Supplied data
*****
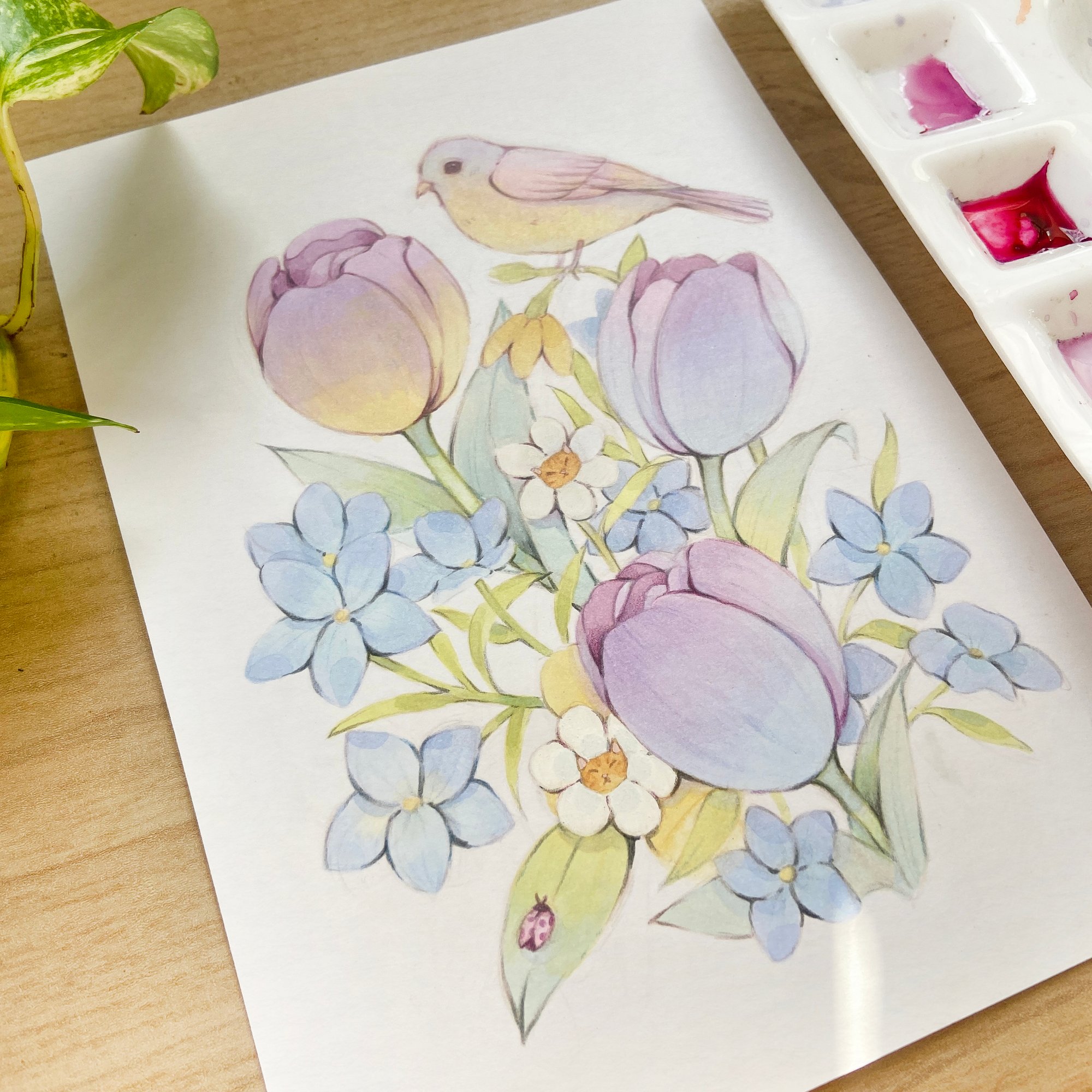 This is an art print reproduction of one of my original paintings of a cute botanical illustration..
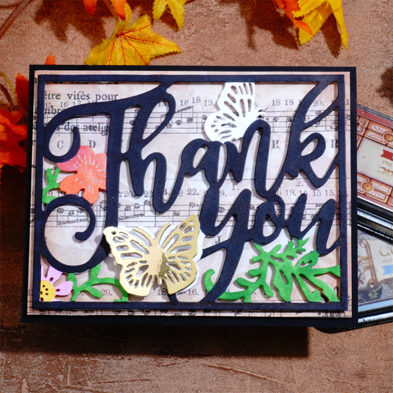 Lifescraft Thank You Word & Butterfly Frame Boder Metal Cutting Dies
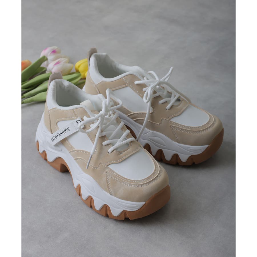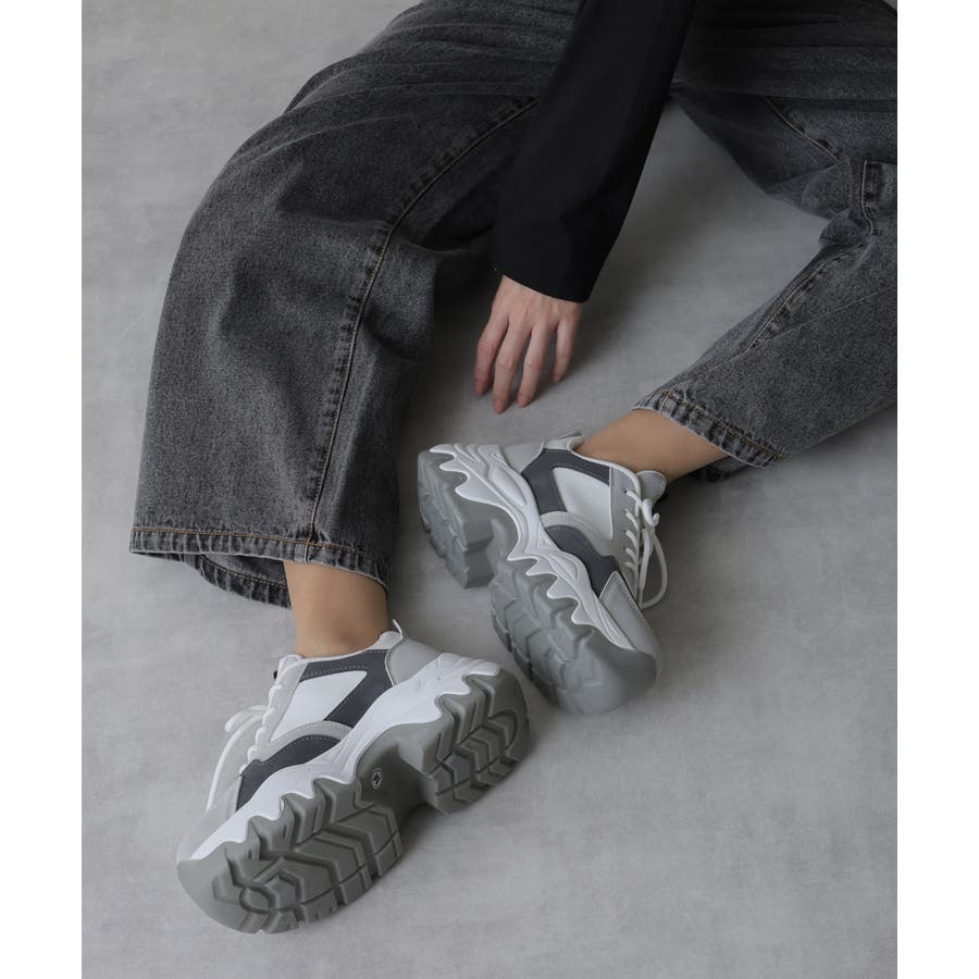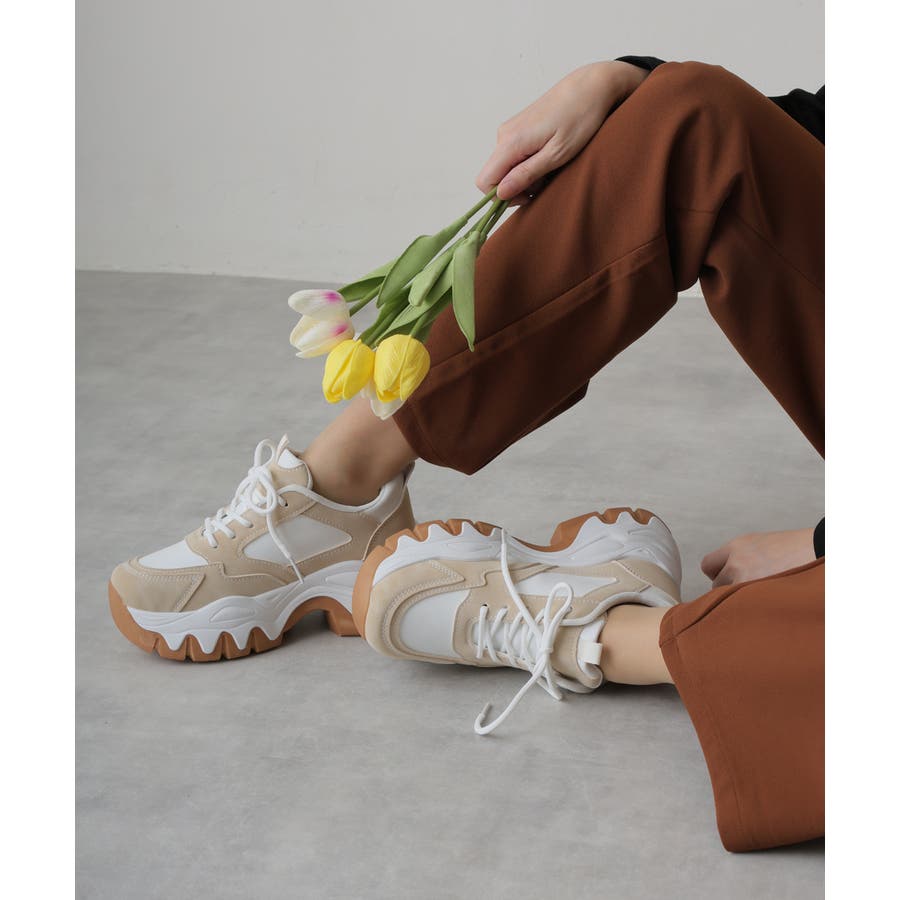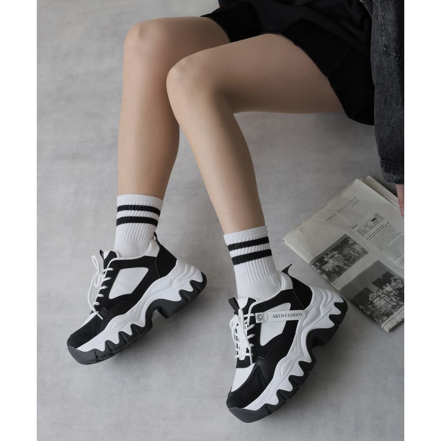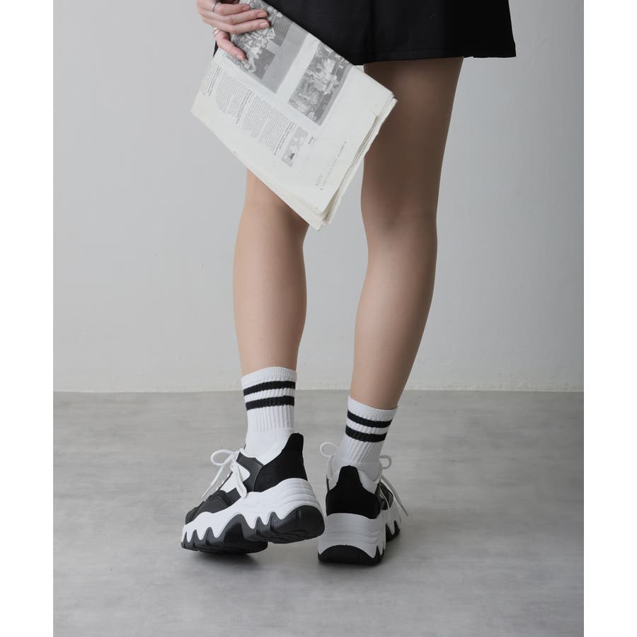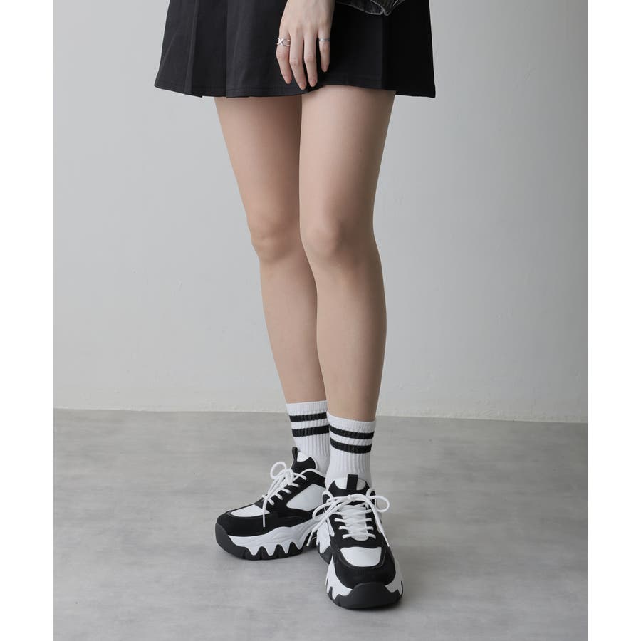 【24年秋冬新作】厚底 凹凸ボリュームソール 配色カラー スニーカー
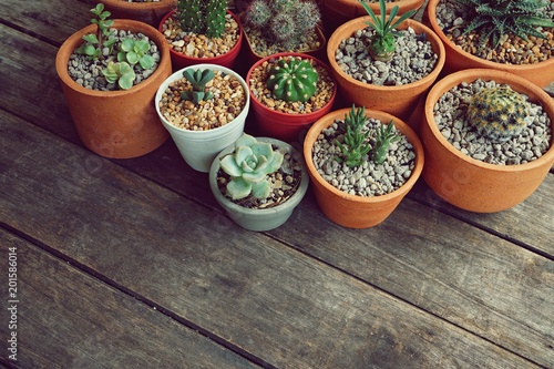 Various little succulent pot plants collection on vintage wood table with free space background, kalanchoe, dorestenia, echeveria, cactus, haworthia
*****
Work to be completed
Could you write out the whole listing exactly, skipping every picture?

Exercise result
 This is an art print reproduction of one of my original paintings of a cute botanical illustration..
 Lifescraft Thank You Word & Butterfly Frame Boder Metal Cutting Dies
 【24年秋冬新作】厚底 凹凸ボリュームソール 配色カラー スニーカー
 Various little succulent pot plants collection on vintage wood table with free space background, kalanchoe, dorestenia, echeveria, cactus, haworthia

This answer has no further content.